Authors and Affiliations

Authors

Corresponding author

Correspondence to Paolo Piro .

Editor information

Editors and Affiliations

Appendix

Appendix

Generic UNN Algorithm

The general version of UNN is shown in Algorithm 2. This algorithm induces the leveraged k-NN rule (12.10) for the broad class of surrogate losses meeting conditions of [4], thus generalizing Algorithm 1. Namely, we constrain ψ to meet the following conditions: (i) \(\mathrm{im}(\psi) = {\mathbb{R}}_{+}\), (ii) ∇ ψ (0)<0 (∇ ψ  is the conventional derivative of ψ loss function), and (iii) ψ is strictly convex and differentiable. (i) and (ii) imply that ψ is classification-calibrated: its local minimization is roughly tied up to that of the empirical risk [4]. (iii) implies convenient algorithmic properties for the minimization of the surrogate risk [28]. Three common examples have been shown in Eqs. (12.7)–(12.6).

Algorithm 2
figure 12

Universal Nearest Neighbors UNN(\(\mathcal{S},\psi\))

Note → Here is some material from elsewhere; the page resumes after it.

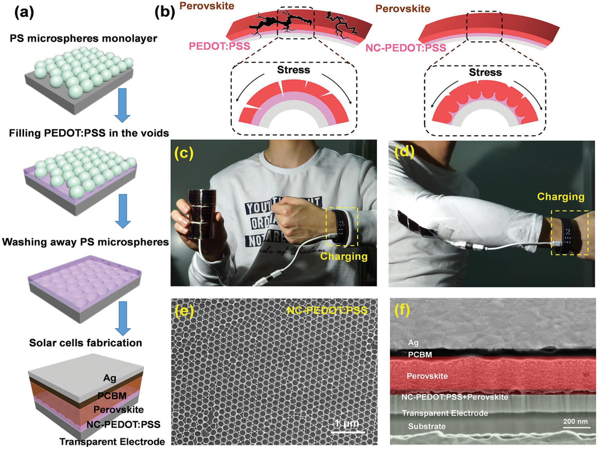 Dramatic advances in perovskite solar cells (PSCs) and the blossoming of wearable electronics have triggered tremendous demands for flexible solar-power sources. However, the fracturing of functional crystalline films and transmittance wastage from flexible substrates are critical challenges to approaching the high-performance PSCs with flexural endurance. In this work, a nanocellular scaffold is introduced to architect a mechanics buffer layer and optics resonant cavity. The nanocellular scaffold releases mechanical stresses during flexural experiences and significantly improves the crystalline quality of the perovskite films. The nanocellular optics resonant cavity optimizes light harvesting and charge transportation of devices. More importantly, these flexible PSCs, which demonstrate excellent performance and mechanical stability, are practically fabricated in modules as a wearable solar-power source. A power conversion efficiency of 12.32% for a flexible large-scale device (polyethylene terephthalate substrate, indium tin oxide-free, 1.01 cm2) is achieved. This ingenious flexible structure will enable a new approach for development of wearable electronics.

The main bottleneck of UNN is step [I.1], as Eq. (12.30) is non-linear, but it always has a solution, finite under mild assumptions [28]: in our case, δ j is guaranteed to be finite when there is no total matching or mismatching of example j’s memberships with its reciprocal neighbors’, for the class at hand. The second column of Table 12.5 contains the solutions to (12.30) for surrogate losses mentioned in Sect. 12.2.2. Those solutions are always exact for the exponential loss (ψ exp) and squared loss (ψ squ); for the logistic loss (ψ log) it is exact when the weights in the reciprocal neighborhood of j are the same, otherwise it is approximated. Since starting weights are all the same, exactness can be guaranteed during a large number of inner rounds depending on which order is used to choice the examples. Table 12.5 helps to formalize the finiteness condition on δ j mentioned above: when either sum of weights in (12.29) is zero, the solutions in the first and third line of Table 12.5 are not finite. A simple strategy to cope with numerical problems arising from such situations is that proposed by [35]. (See Sect. 12.2.4.) Table 12.5 also shows how the weight update rule (12.31) specializes for the mentioned losses.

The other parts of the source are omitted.